Instructions for the task »
Could you print the listing again exactly, omitting the pictures?

Records for this task »

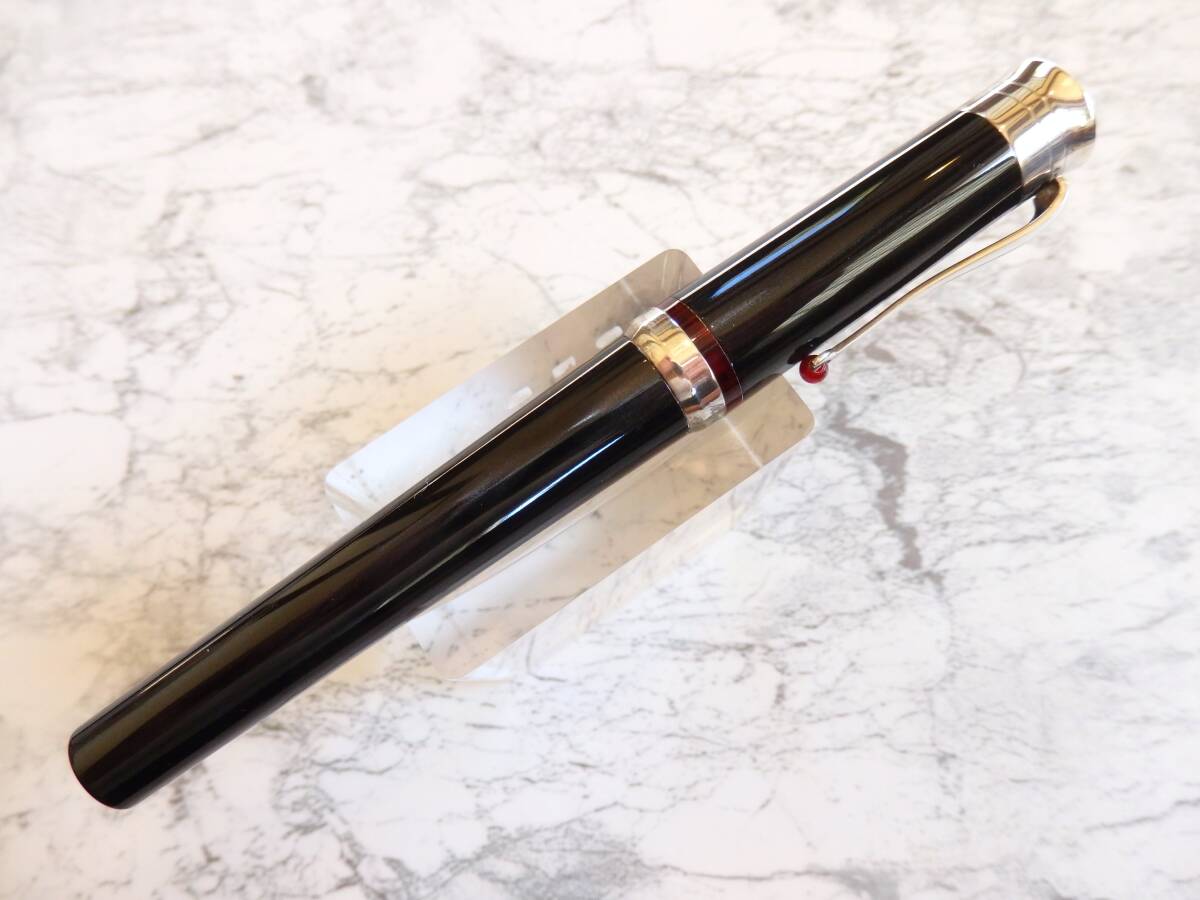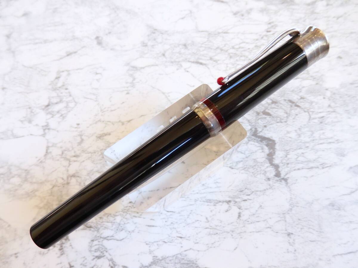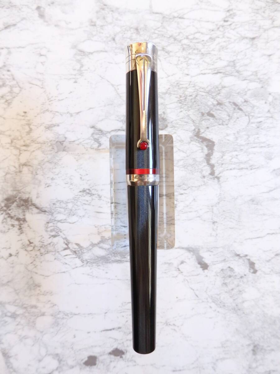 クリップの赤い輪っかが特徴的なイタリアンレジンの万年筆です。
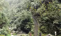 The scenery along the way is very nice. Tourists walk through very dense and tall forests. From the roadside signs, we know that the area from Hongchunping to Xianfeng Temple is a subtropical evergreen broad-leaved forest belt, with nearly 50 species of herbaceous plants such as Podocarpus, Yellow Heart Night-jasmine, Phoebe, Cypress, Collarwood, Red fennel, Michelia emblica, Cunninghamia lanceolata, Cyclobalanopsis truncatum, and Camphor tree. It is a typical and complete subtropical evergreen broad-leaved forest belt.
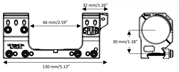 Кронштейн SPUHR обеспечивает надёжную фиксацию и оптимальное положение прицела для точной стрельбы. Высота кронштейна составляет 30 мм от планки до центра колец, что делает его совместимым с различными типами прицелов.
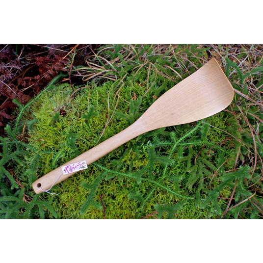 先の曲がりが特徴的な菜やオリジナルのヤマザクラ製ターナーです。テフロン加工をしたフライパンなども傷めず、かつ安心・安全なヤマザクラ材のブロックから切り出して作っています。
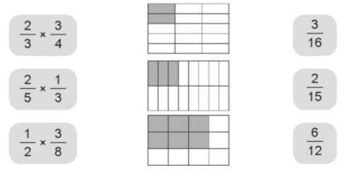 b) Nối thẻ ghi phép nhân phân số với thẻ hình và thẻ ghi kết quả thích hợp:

Solution to this exercise »
 クリップの赤い輪っかが特徴的なイタリアンレジンの万年筆です。
 The scenery along the way is very nice. Tourists walk through very dense and tall forests. From the roadside signs, we know that the area from Hongchunping to Xianfeng Temple is a subtropical evergreen broad-leaved forest belt, with nearly 50 species of herbaceous plants such as Podocarpus, Yellow Heart Night-jasmine, Phoebe, Cypress, Collarwood, Red fennel, Michelia emblica, Cunninghamia lanceolata, Cyclobalanopsis truncatum, and Camphor tree. It is a typical and complete subtropical evergreen broad-leaved forest belt.
 Кронштейн SPUHR обеспечивает надёжную фиксацию и оптимальное положение прицела для точной стрельбы. Высота кронштейна составляет 30 мм от планки до центра колец, что делает его совместимым с различными типами прицелов.
 先の曲がりが特徴的な菜やオリジナルのヤマザクラ製ターナーです。テフロン加工をしたフライパンなども傷めず、かつ安心・安全なヤマザクラ材のブロックから切り出して作っています。
 b) Nối thẻ ghi phép nhân phân số với thẻ hình và thẻ ghi kết quả thích hợp:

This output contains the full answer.